I understand that some people remain mortified by the outcome of the vote, and of course this place is filled with extremely clever people who could potentially find a clever way of stopping Brexit one way or another, but it would demonstrate a remarkable lack of wisdom. A failure to honour the referendum would surely cause an irreparable breakdown in the relationship between the people and the authorities. It would usher in a new era of extreme politics.
There is no reason why the UK should be immune to the trends that are plaguing almost every other country in Europe: in France, where Le Pen leads in the polls; in Germany, where the Alternative für Deutschland, founded in only 2013, is now the second biggest party; in Austria, where the Freedom party is part of the Government; and in Italy, Spain, Sweden, Greece and so on.
If the gut fear that so many people have, the feeling that the political elite simply cannot be trusted, is utterly and completely confirmed, where will those mainstream voters go? It is madness. It could possibly, potentially, perhaps be justified if something truly seismic had happened, but it has not. Millions of pounds have been poured into a campaign to undermine the referendum and make people fear every aspect of Brexit, but the polls have barely moved; they are still within the margin of error. I believe the Government are going to lose this vote next week, and I am afraid to say that I hope they lose it. Then, either this Prime Minister or, if she will not do it, another Prime Minister must take this deal back to the EU and change it.

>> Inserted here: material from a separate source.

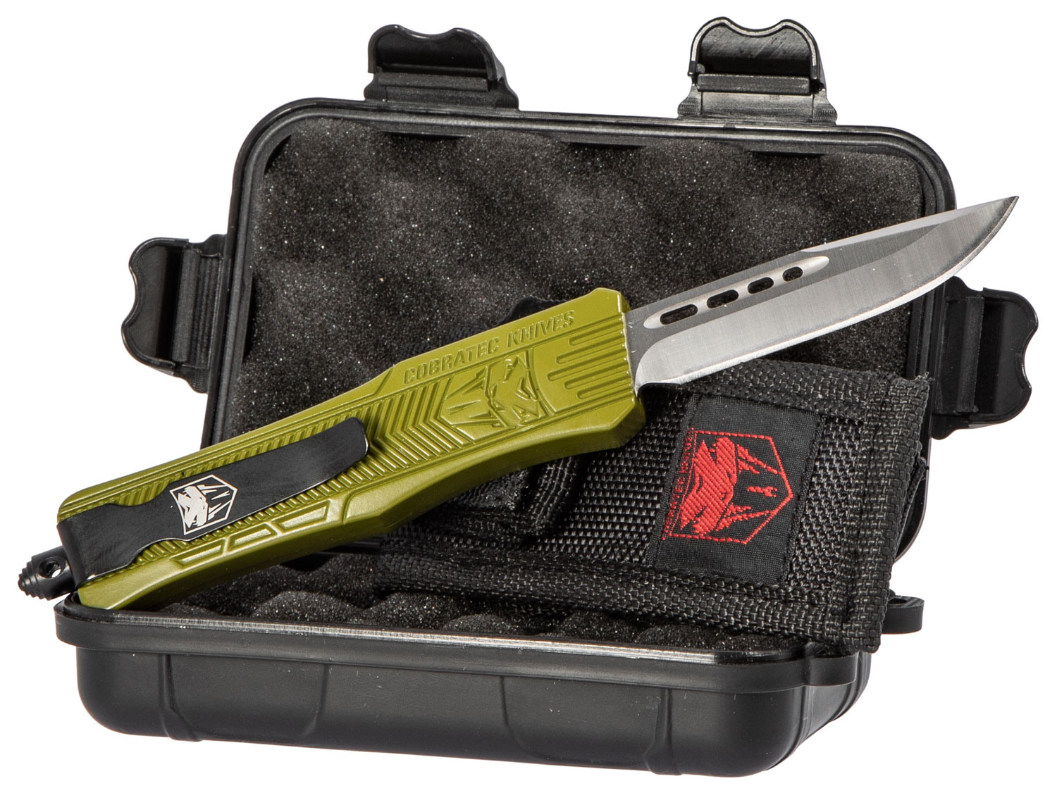 CobraTec Knives SODCTK1SDNS CTK-1 Small 2.75″ OTF Drop Point Plain D2 Steel Blade/OD Green Aluminum Handle Features Glass Breaker Includes Pocket Clip
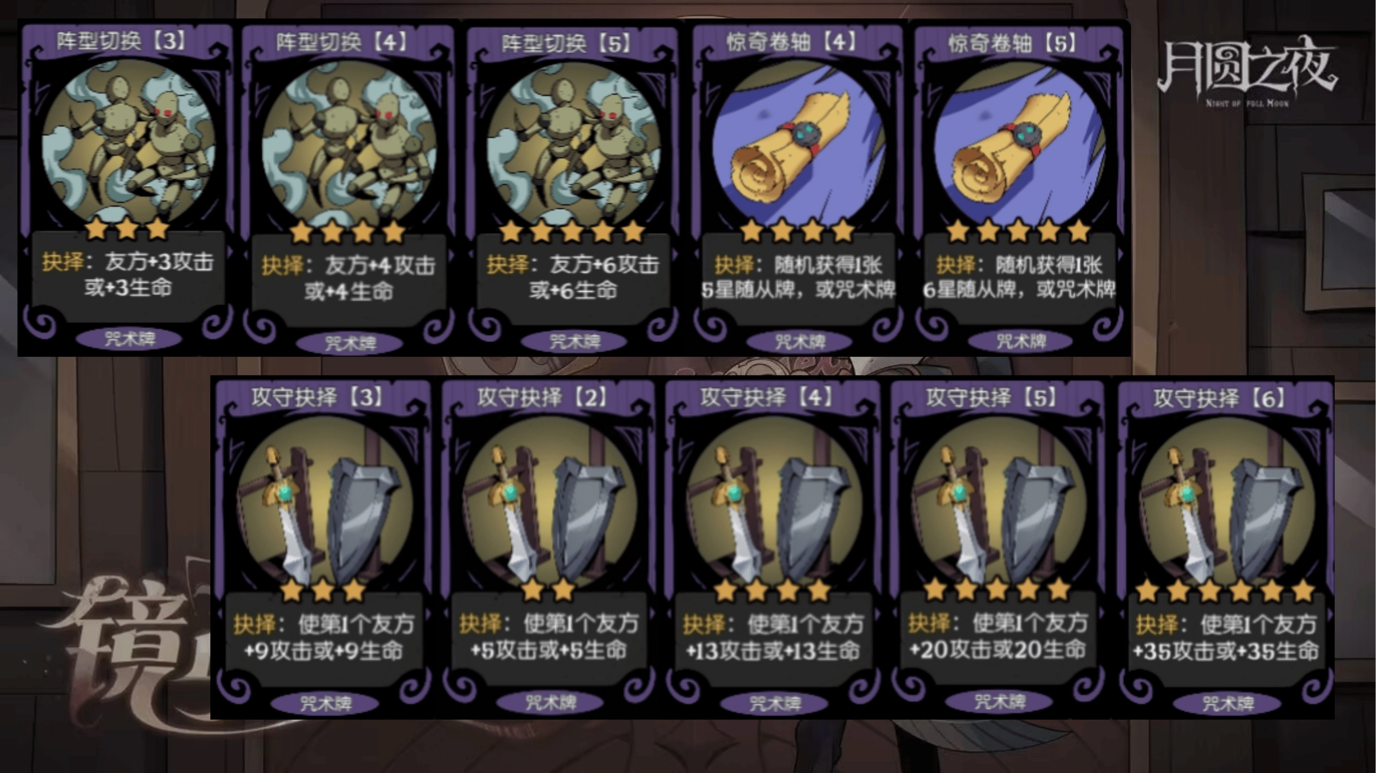 ②阵型切换系列:全体加攻击或者加血量。花钱买一定不要,三本的上本咒术大部分选经济也不会选择这张咒术,可以说整个系列都没什么作用。

It is pleasure to follow the hon. Member for Richmond Park (Zac Goldsmith), who I know prizes the environment highly, although he did not mention it in his speech, perhaps because it might not have gone along with his argument today, as he is a leaver.
I thank the hon. Lady for her kind words. She is right to say that I did not mention it, but I have given three lengthy speeches about why Brexit, if done properly, would be a boon—a great thing—for the environment.
I beg to disagree, but I will mention the environment later in my short speech, and it is a pleasure to follow the hon. Gentleman.
I wanted to start by talking about the language we have been using in recent days. The particular term that has caused a lot of concern in my constituency is “queue jumpers”, and I was pleased to hear that the Prime Minister apologised for that in the House the day before yesterday. We know that so many EU citizens in my constituency have been worried by that term. My right hon. Friend the Member for Tottenham (Mr Lammy) and I share the London Borough of Haringey, where 42,000 EU citizens are resident. They are friends, colleagues, NHS workers and neighbours, and they are a valued part of our diverse community. It is important that we in this House do not forget the importance of having that respectful debate, despite our differences of opinion and views.
Obviously, the economy has to be mentioned in relation to this deal, because many have warned about the danger of this deal. In particular, we know that the Governor of the Bank of England has said that all of the assessments identify significant negative outcomes for the economy, resulting in hard-working families facing food price hikes of 10%, businesses facing increased friction when trading and the country as a whole facing yet another recession. I find it difficult to believe that anybody could vote for a deal that could lead to another recession, given that we have not really recovered from the one in 2008, following the global financial crash.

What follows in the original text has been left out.